EXCLUSIVE: Premier League shirt deals surge to £117.5m on back of City's Etihad uplift
By Alex Miller
and Nick Harris
SJA Internet Sports Writer of the Year
22 August 2011
The combined shirt sponsorship income of the Premier League’s 20 clubs for the 2011-12 season has jumped almost 20 per cent from £100.45m to £117.5m, sportingintelligence can reveal. (See table at bottom for full details).
The £117.5m does not include any future sums that will accrue to Manchester United because of an imminent deal with DHL for their training kit.
The shirt deal values in our table have been ratified by informed sources at each of the 20 clubs, among whom only one club - Blackburn Rovers - will see a year-on-year decline in shirt income, from £1.5m to zero.
Of the other 19 clubs, 13 have maintained the same levels as in 2010-11, while six have registered increases, most significantly Manchester City.
City’s previous shirt deal with Etihad was worth £7.5m a year. Under their record 10-year sponsorship deal with Etihad, that takes a £12.5m uplift to £20m a year.
The renegotiated deal with Etihad (link here) will earn City a little under £350m over the next decade - and covers stadium and campus naming rights and other elements as well as the shirt money.
The deal has led to scepticism in some quarters, as discussed elsewhere on this site today, because of concerns it is just a tool to help City bypass Uefa’s new Financial Fair Play regulations.
But independent experts among a range of industry insiders consulted by sportingintelligence believe a £20m-a-year deal for City’s shirt is easily defensible.
Sports sponsorship experts Generate Sponsorship say the City deal ‘is not as overpriced as people think’, and their MD, Rupert Pratt, adds: ‘Over the last few seasons, Manchester City have performed roughly as well as Liverpool, who enjoy a £20m a year shirt sponsorship with Standard Chartered .... The high-profile nature of many of [City’s] players further justifies the price.’
Manchester United (Aon), Liverpool (SC) and City are all now making £20m-a-year from first-team shirt deals, with Chelsea next on £13.8m (Samsung), followed by Tottenham on £10m (Aurasma / Autonomy).
Aston Villa have registered the biggest leap aside from City by swapping their £5m-a-year deal with FxPro for a new £8m deal with Genting, a casino company. Villa have leapfrogged Arsenal, whose deal is now only the seventh best in the division.
Arsenal’s ongoing deal with Emirates is instructive. At the time it was announced in late 2004, the combined £90m net deal for stadium (15 years) and shirts (eight years) looked massive. Now Arsenal’s current £5.5m annually for their shirts looks paltry compared to their biggest rivals.
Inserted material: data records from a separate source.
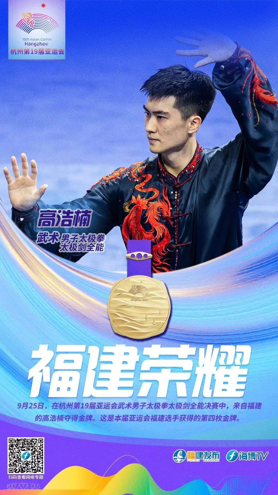 9月25日,在杭州第19届亚运会武术男子太极拳太极剑全能决赛中,福建选手高浩楠以19.666分的总成绩夺得金牌。这是福建选手在本届亚运会上夺得的第四枚金牌。
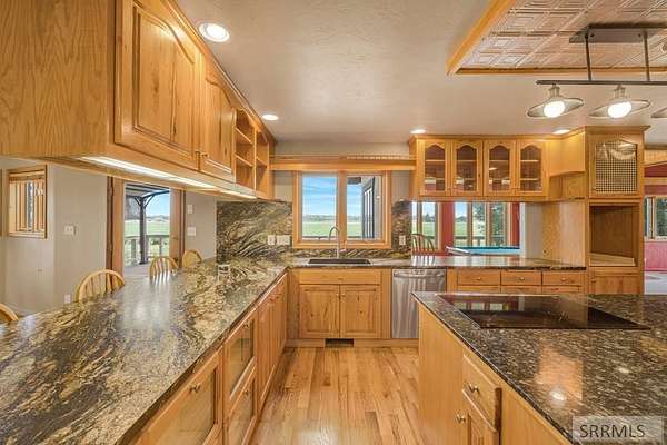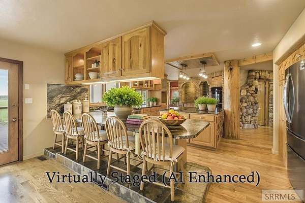Experience the best of Idaho living in this 7,190 sq. ft. custom log cabin retreat on 3.17 acres, where life slows down and nature takes center stage. Panoramic views of the Blackfoot Mountain Range and Snake River Wildlife Habitat surround you, with elk, deer, eagles, and herons as regular visitors. Built in 1993, this home blends rustic charm with modern luxury, featuring massive hand-hewn logs, a soaring two-story river rock fireplace, hardwood floors, and walls of windows that fill the space with light. The gourmet kitchen, with indoor BBQ grill, double ovens wrapped in reclaimed brick, FIFO pantry, and breakfast bar, is perfect for gatherings. The primary suite offers a cultured marble shower, jetted tub, dual vanities, his-and-hers walk-in closets, and a private deck. Seven spacious bedrooms provide comfort for all, while the walk-out basement offers a game area, wet bar, workshop, storage, and flexible living quarters. Outdoors, enjoy two greenhouses, an orchard, berry patch, garden, one-acre pasture, and a 45' x 50' 3-bay shop. With whole-house audio, central vacuum, cold storage, burglary/fire monitoring, and a high-end security camera system, this is more than a home, it's a nature-inspired retreat for family, and friends to gather. Additional Media bit.ly/45wTRCa
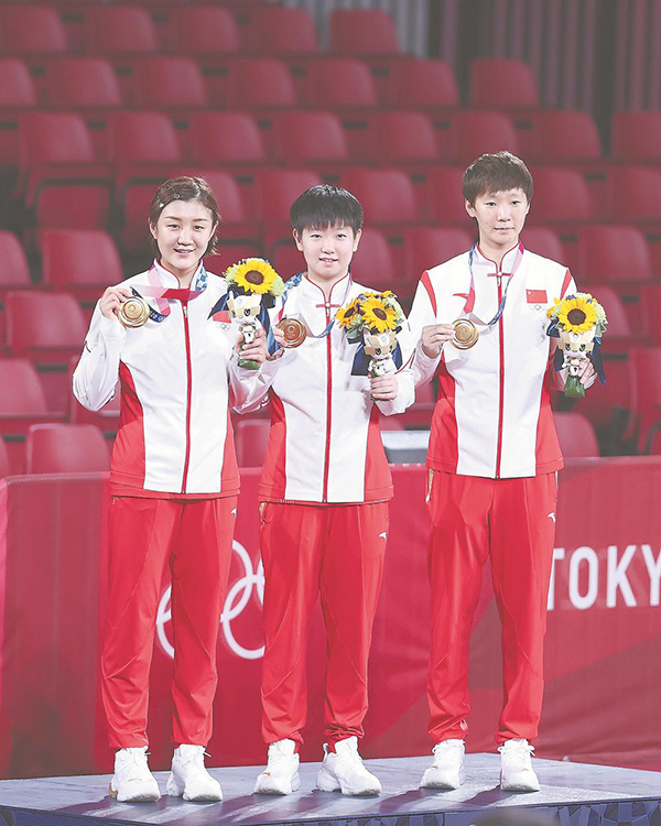 身着安踏冠军领奖服的中国女子乒乓球队选手。新华社发
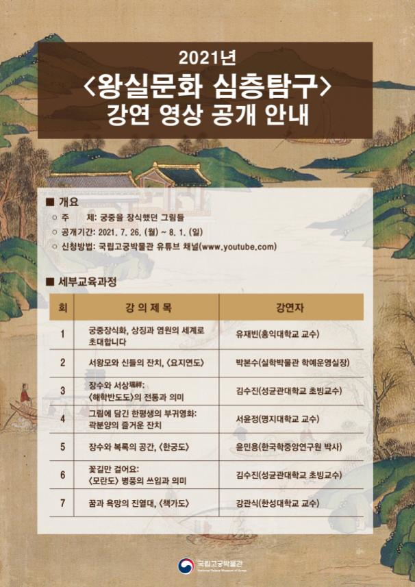 문화재청 국립고궁박물관(관장 김동영)은 온라인 교육 프로그램인 ‘왕실문화 심층탐구’의 강연 영상 7편을 7월 26일부터 8월 1일까지 일주일 동안 국립고궁박물관 유튜브https://www.youtube.com/gogungmuseum)에서 공개한다. ‘왕실문화 심층탐구’는 일반인들이 왕실문화에 대해 깊이 이해할 수 있도록 개설한 교육 프로그램으로, 올해는 6월부터 7월까지 ‘궁중장식화’를 주제로 총 7회의 강좌가 운영된 바 있다.
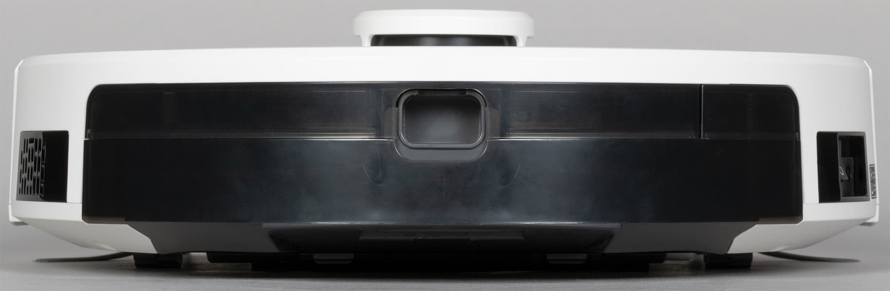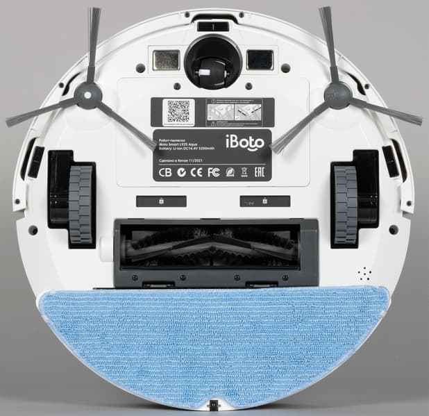 В остальном конструкция нижней части не отличается от подавляющего большинства аналогов: по периметру расположены датчики поверхности, защищающие устройство от падения с высоты, в центральной части — вращающаяся щетка, а между ней и направляющим колесом находится аккумуляторный отсек.
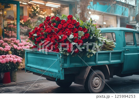 Vintage truck with vibrant red roses near flower market
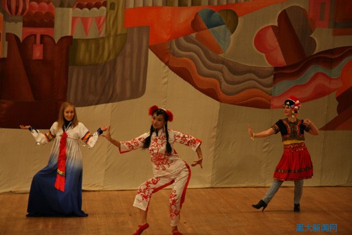 俄中大學生藝術節(jié)上中俄學生共唱《真心英雄》
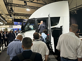 LUFTETUR: To runder i passasjersetet er alt vi fikk, men det gav i det minste en mulighet til å få et lite inntrykk av Tesla Semi.Foto: Torbjørn Eriksen

But back to 2011-12. Everton’s renegotiated deal with their existing sponsor, Chang Beer, has had an uplift worth a possible extra £1.4m, to £4m this year, some but not all of which is performance related.
West Bromwich Albion, Wigan and Swansea have seen year-on-year rises too.
The three newcomers to the division - QPR, Norwich and Swansea - are likely to earn a little more combined for their shirt deals (£3.75m) than the three relegated clubs, West Ham, Birmingham and Blackpool (£2.8m together), but QPR’s situation has yet to be finalised after the change of ownership.
QPR’s new majority owner Tony Fernandes has said sponsorship ‘isn’t a top priority’ but the club are looking for a replacement for Gulf Air, who paid £2.3m to be sponsors in the Championship last season. Fernandes says his airline AirAsia will ‘come on board’ if another sponsor isn’t found. The value is not expected to dip and may actually increase.
The new Premier League total of £117.5m should keep England’s elite ahead of Germany’s Bundesliga for the moment.
In 2009-10, the Bundesliga generated a then-record for a single football division of £98.7m through shirt deals. As we revealed a year ago (story here and table here), the Premier League nipped into the lead for 2010-11. And now it’s kicked further ahead.
The League’s relationship with gambling firms continues apace, with seven clubs now advertising gambling firms on their shirts: Villa, Wolves, West Brom, Swansea, Sunderland, Wigan and Bolton.
Blackburn took their own gamble - and lost. They had an ongoing relationship with Crown Paints worth £1.5m but unilaterally culled it as the club’s Indian owners hoped to get a larger sum, possibly from a big firm in the sub-Continent. They didn’t, so opted to donate the space to a charity, The Prince’s Trust.